So about that ‘sexual revolution in the Republican Party’. . .

Hefner, who validated the objectification of women by embedding their sexualized bodies between the more-respectable pages of first-rate writing, embraced and championed libertinism and materialism. “Bad boy” behavior — philandering, licentiousness and exploitation — was re-imagined and sold as “freedom,”

.. Perpetually stalled in adolescence, he was an early advocate of the socially debased trends Moore saw as having led to the unraveling of the American family.

.. the current president of the United States may be Hefner’s most sterling achievement. Donald Trump, who has surrounded himself with material excess and women worthy of male admiration, is both protege and prototype, the essential playboy who has acquired wealth and glamour — and boasts that he can do whatever he wants to women.

.. For the president, religion is a convenience — until it’s not. Bannon, though no saint, is a Catholic who respects church doctrine, by his own admission, and is a street fighter for the hard-right.

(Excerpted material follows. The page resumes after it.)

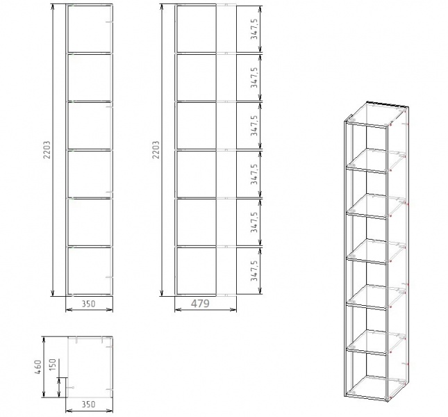 Габариты: ширина 350 х высота 2203 х глубина 479 мм

 In Alabama, he, too, defeated Trump.
..  But the standoff between Bannon and Trump via Moore and Strange may foretell the future of the GOP, which can’t survive without its Southern Christian base. Ironically, Hefner, who put Trump on his magazine’s cover in 1990, penned an essay when the thrice-married reality TV star secured the GOP presidential nomination, defeating Ted Cruz, a pastor’s son. To Hefner, this victory signified “massive changes in the ‘family values party’ ” and was “proof of . . . a sexual revolution in the Republican Party.”